Byteflies NV, located at Borsbeeksebrug 22, 6th floor, 2600 Antwerp, Belgium is the data controller and processor for all data we collect from users in the EU and US.
Byteflies Cloud is hosted on Amazon Web Services (AWS), and unless mentioned otherwise, these servers are located in Ireland. More details about our commitment to safeguarding your data can be found on the Our Commitment page.
Section 6 - Safety of Children
Certain Byteflies services can be used by persons under the age of 18 provided their parent or legal guardian and healthcare provider consent to it and it is allowed under the legally marketed intended use of the Byteflies service in question.
Section 7 - Your Rights to Control What Happens to your Data
We implement the rights for individuals as stated in the GDPR worldwide, including:
- The right to be informed about how we collect and why we use the data
- The right to access and rectify your personal information
- The right to be forgotten
- The right to data portability
- The right to be notified if your personal information was in any way compromised
Note that participation in a clinical study may overrule some of these rights. If that is the case, you will be informed of this in the study’s informed consent form and you will need to give your express permission.
Specifically, you can:
- Access and correct your personal information: As a user of a Byteflies service, you may access and correct certain personal information that Byteflies holds about you. In all cases, requests to exercise these rights may be directed to our customer support team.

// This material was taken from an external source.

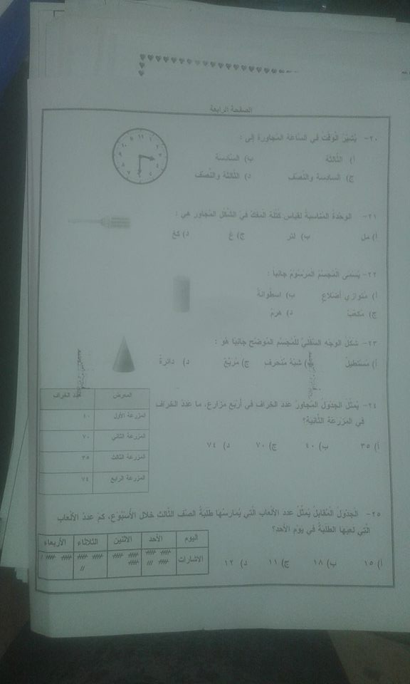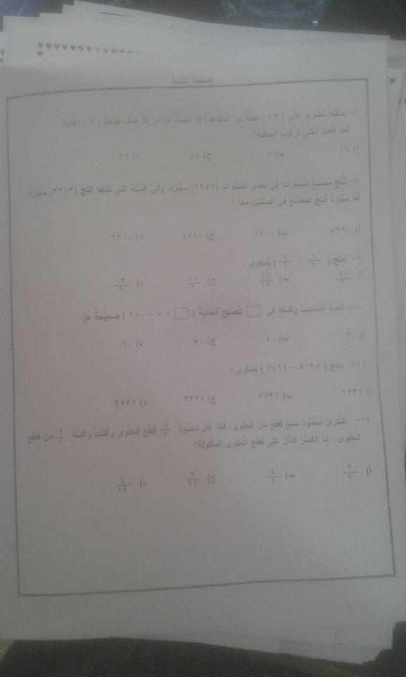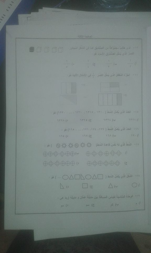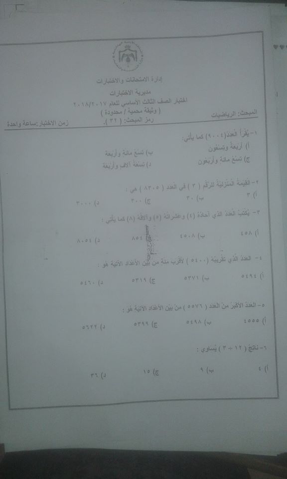 اختبار ضبط النوعية "الرياضيات "للصف الثالث

- Delete your data: Deleting data will not permanently remove it immediately. As long as you keep using a Byteflies service we may retain your deleted data for a limited time in case you deleted something by accident and need to restore it (which you can request by contacting customer support). To the extent permitted by law, we will permanently delete your data if you instruct us to do so, in which case you will not be able to use any Byteflies services until you make a new account.
- Cancel your account: To cancel and delete your account, please contact customer support. We will respond to any such request, and any appropriate request to access, correct, update, or delete your personal data within the time period specified by law (if applicable) or without excessive delay. We will promptly fulfill requests to delete personal data unless the request is not technically feasible or such data is required to be retained by law (in which case we will block access to such data, if required by law).

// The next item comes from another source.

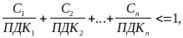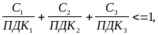 При совместном присутствии в воздухе нескольких веществ, обладающих суммацией действия, сумма их концентраций не должна превышать 1(еденицы) при расчете по формуле:
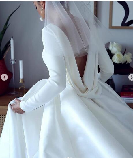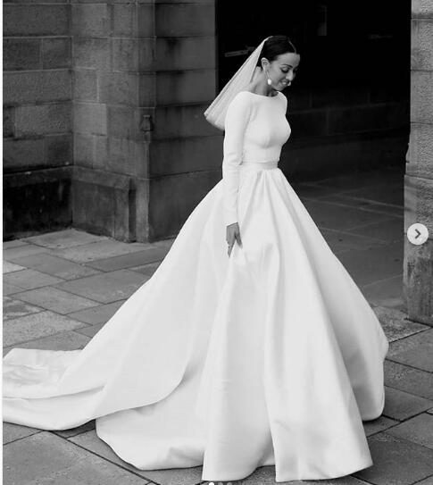 Modest Wedding Dress, A-line Wedding Dress, Satin Wedding Dress

- Take your data elsewhere: Taking into account that Byteflies services provide data in a structured, commonly used and machine-readable format, you ( & ) as a user of our products and services, already have the right to transmit those data to another company’s application or service if desired.
Section 8 - How Long do we Retain your Data?
We generally retain your data for as long as you have an account with us, or to comply with our legal obligations (which may include local laws governing the storage of medical data), resolve disputes, or enforce our agreements. Data that is deleted from our servers may remain as residual copies on offsite backup media for up to 6 months.
Section 9 - Changes to this Privacy Policy
We may modify this Privacy Policy at any time, but if we do, we will notify you. If we determine the changes are material, we will provide you with an additional prominent notice as is appropriate under the circumstances, such as via email or in another conspicuous manner reasonably designed to notify you. If, after being informed of these changes, you continue to use our services beyond the advance-notice period, you will be considered as having expressly consented to the changes in our Privacy Policy (this document). If you disagree with the terms of this Privacy Policy or any updated Privacy Policy, you may close your account at any time by contacting us.